Eles atravessaram a Cordilheira dos Andes no norte do país, chegaram ao Chile e depois foram para a Bolívia, na divisa do Chile com o Peru. “Seguimos pela direita, subindo a Cordilheira e conhecendo as principais cidades como La Paz, que tem muito para se ver. Depois fomos para divisa da Bolívia com o Peru, entrando pelo Lago Titicaca, visitamos o parque arqueológico de Tiahuanaco e seguimos rumo a Cusco, para depois visitar Machu Picchu, no Peru. De lá, saímos do Peru pelo litoral de Cusco até Nasca e voltamos para o Chile por Arica. De Arica fizemos o mesmo caminho até a volta”.

Cícero Ribeiro teve a primeira experiência em viajar pelas estradas, de moto, em 1997(foto: Cícero Ribeiro/Arquivo Pessoal)
Cícero Ribeiro teve a primeira experiência em viajar pelas estradas, de moto, em 1997 (foto: Cícero Ribeiro/Arquivo Pessoal)
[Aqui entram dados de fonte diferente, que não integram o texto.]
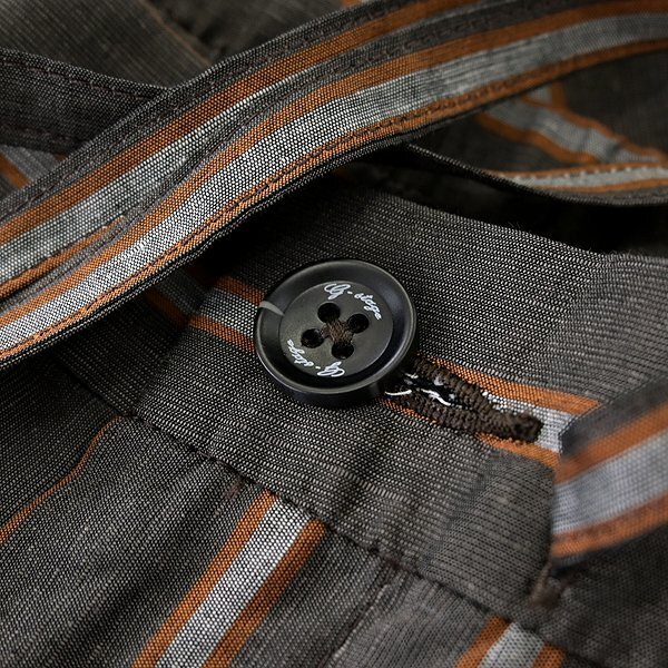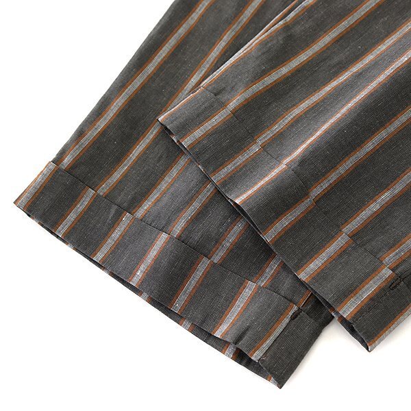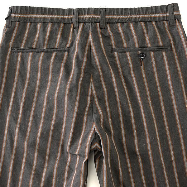 清涼感あるコットン×リネンのイージーパンツです。 綿麻素材のひんやりとした肌触りや、薄手で通気性の高い平織り組織により、熱や湿気がこもりにくく爽やかな穿き心地に仕上がっています。 表情あるシャンブレー配色の生地に、インパクトのあるストライプ柄を施した、大人の休日カジュアルやリゾートなどにぴったりなアイテム。 シルエットは適度にゆとりあるテーパードシルエットで、ウエストストレッチ機能よる快適なウエストフィットと、ドローコード&ベルトループの両搭載により、ベルトなしのリラックススタイルからベルトをしてのドレッシーなスタイルまでカバーできます。 また、ダブルカフ仕上げになっているので裾の納まりが良く、サンダルやスニーカーとの相性も抜群です。 【デザイン】 ・1タック ・ジッパーフライ ・テーパードシルエット ・ウエストはゴムとドローコード入り ・裾はダブル仕上げ |

Cícero Ribeiro afirma que a viagem de carro é completa, permite vivenciar várias experiências. “Vivemos a temperatura, principalmente a altitude, na Cordilheira, onde cada organismo reage de uma forma”, explicou. “Por terra é muito completo, você tem mais contato com as pessoas, vai vivendo a cultura em cada ponto e cada situação que se passa. É sensacional. Eu indico sempre, vá por terra, que você não vai se arrepender”.

O viajante recomenda o passeio. “Sou um aficionado pela Cordilheira dos Andes. Gosto de viajar pelo Brasil, mas prefiro ir para a Argentina, Uruguai, Bolívia, Peru e Chile. As estradas são muito boas, têm menos veículos e o trânsito flui. Temos segurança e tranquilidade e, ao contrário do que pensam, os hermanos são muito amigos, muito receptivos. Onde você para eles querem te parabenizar pela viagem, te ajudar, te deixam o telefone, caso precise, você pode ligar para eles. É uma experiência indescritível só indo para viver. Eu recomendo sempre”.